Cameron ‘good to his word’ in tackling Rajapaksa on human rights

David Cameron met Sri Lanka’s president, Mahinda Rajapaksa, for a one-to-one meeting on Friday afternoon, following his return from Jaffna, in the Indian Ocean island’s former conflict zone.

Channel 4 News understands that the encounter was “pretty lively”, and the 45 seconds’ worth of television footage that has been released is revealing.

The prime minister is shown leaving the meeting, brushing past Sri Lanka’s high commissioner to London, who tried to engage him in conversation, before pacing past the camera with pursed lips. There is a strong sense from the pictures of the meeting having been brusque, curt and frosty.

A source who was present at the bilateral said the British prime minister had “repeatedly and robustly” raised war crimes allegations, human rights and freedom of the press.

He also spoke about the Channel 4 film No Fire Zone and the issues it had raised.

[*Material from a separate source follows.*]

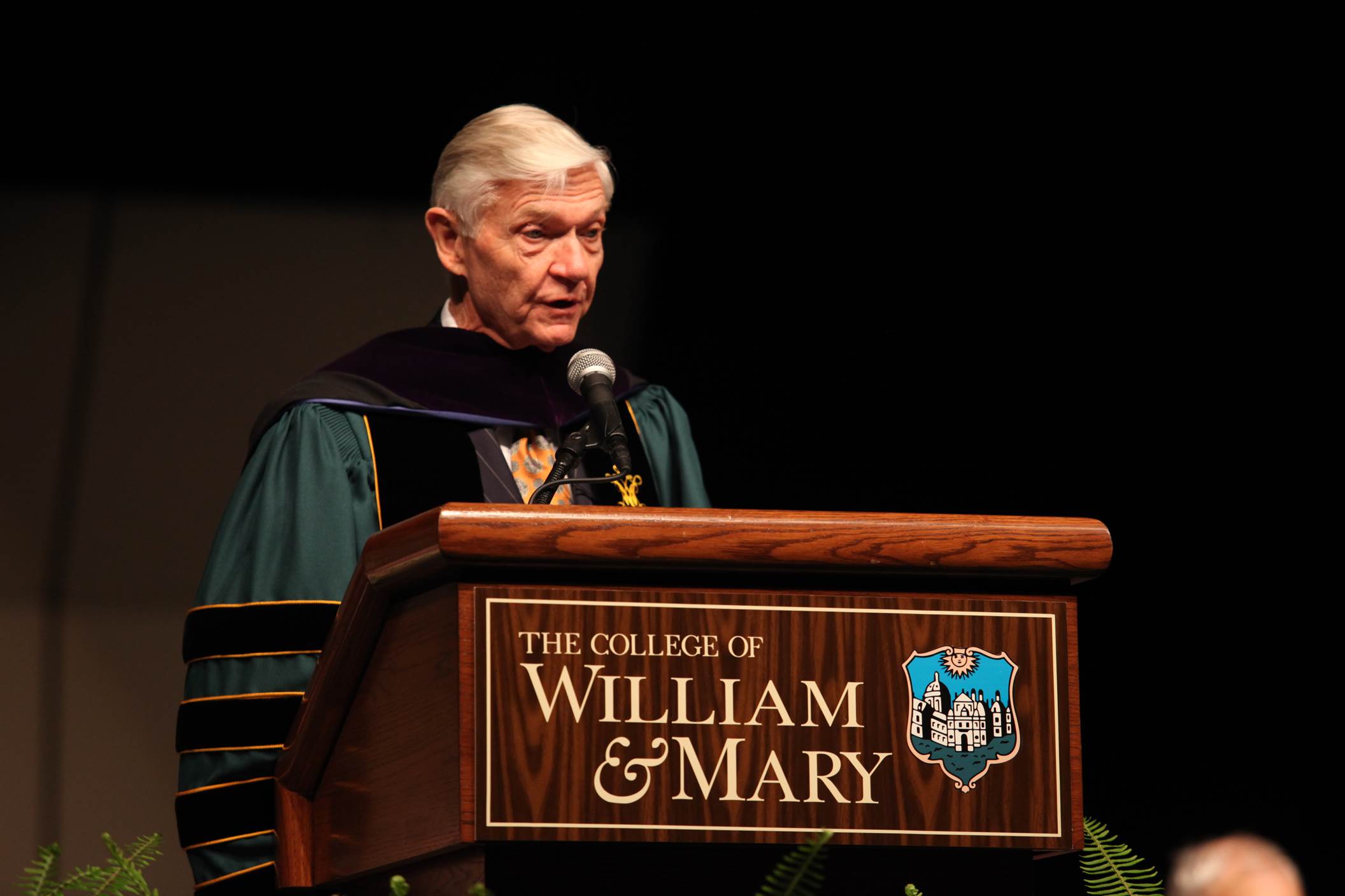 Reveley also spoke during the ceremony, saying the school has been “blessed with a constellation of humans of indomitable spirit and will to excel, who’ve had at times to prevail despite crushing odds.” He also said the school has “the brains of a big research university and the heart of a small liberal arts college.”

Mr Cameron said last week that he had watched the feature documentary and had found it “chilling”. In a tweet which he addressed to President Rajapaksa last Saturday, he said that he had “serious questions” to ask him.

The film, broadcast in the UK last week, examines the final 138 days of the civil war which ended in May 2009.

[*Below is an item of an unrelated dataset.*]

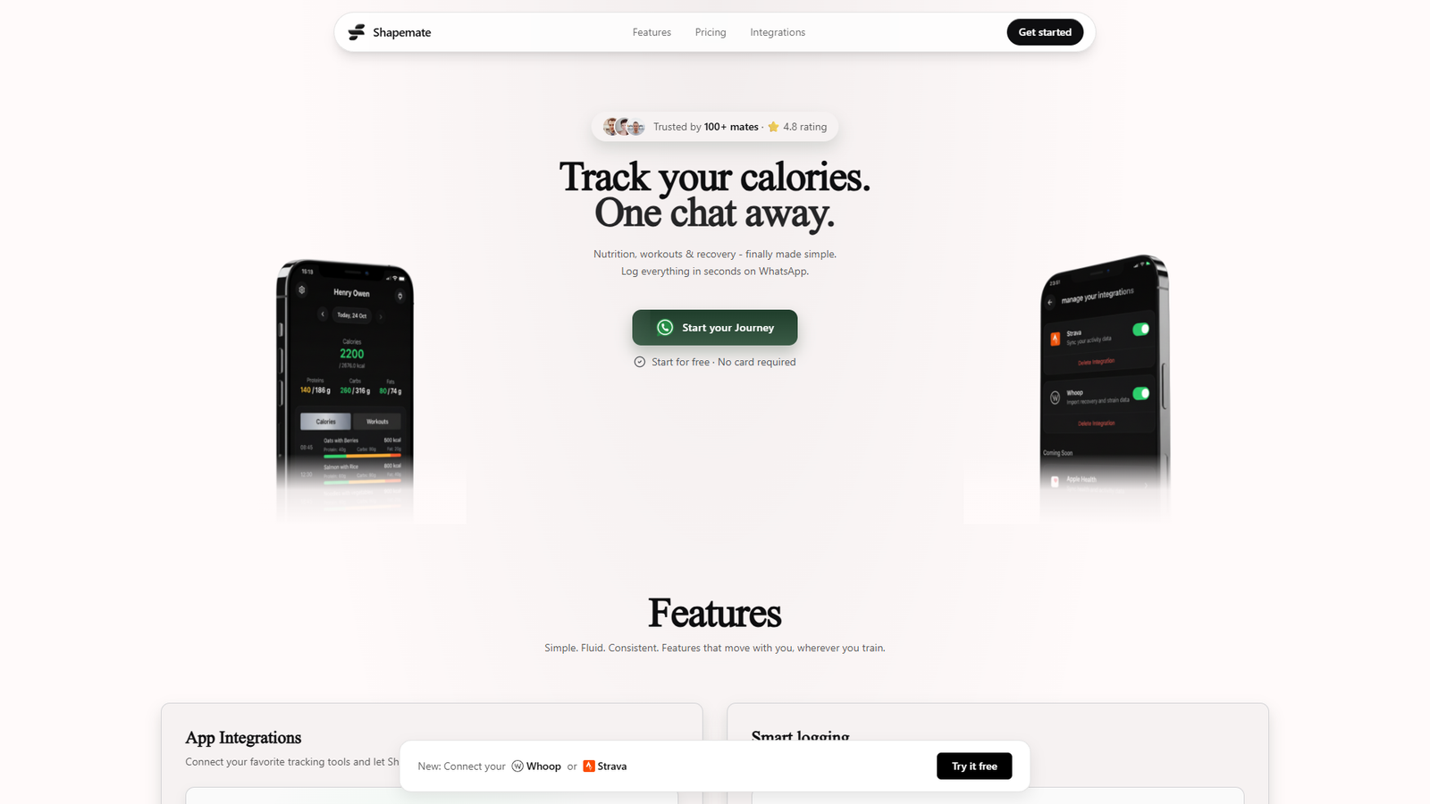 Shapemate — фитнес-ассистент в WhatsApp, который помогает отслеживать питание, тренировки и восстановление в одном чате. Вместо отдельного приложения все действия проходят в привычном мессенджере: пользователь просто пишет сообщения, а ИИ фиксирует данные и формирует статистику.

The United Nations says that at least 40,000 civilians were killed in the final few weeks of the 27-year-long conflict, which pitted Sri Lankan government forces against the rebel Liberation Tigers of Tamil Eelam.

The Sri Lankan rebuttal was largely made by the president’s brother, Gotabaya Rajapaksa, the country’s unelected defence secretary. He is the power behind the throne and is accused by international human rights groups of war crimes, as it was he who was ultimately in command of the final assault in which so many civilians died.

The Sri Lankan president reportedly conceded that while progress had been made, more might be needed to be done to address the issues raised.

Before leaving for Sri Lanka, David Cameron had promised to send an uncompromising message to the Rajapaksa government. It appears that he was good to his word.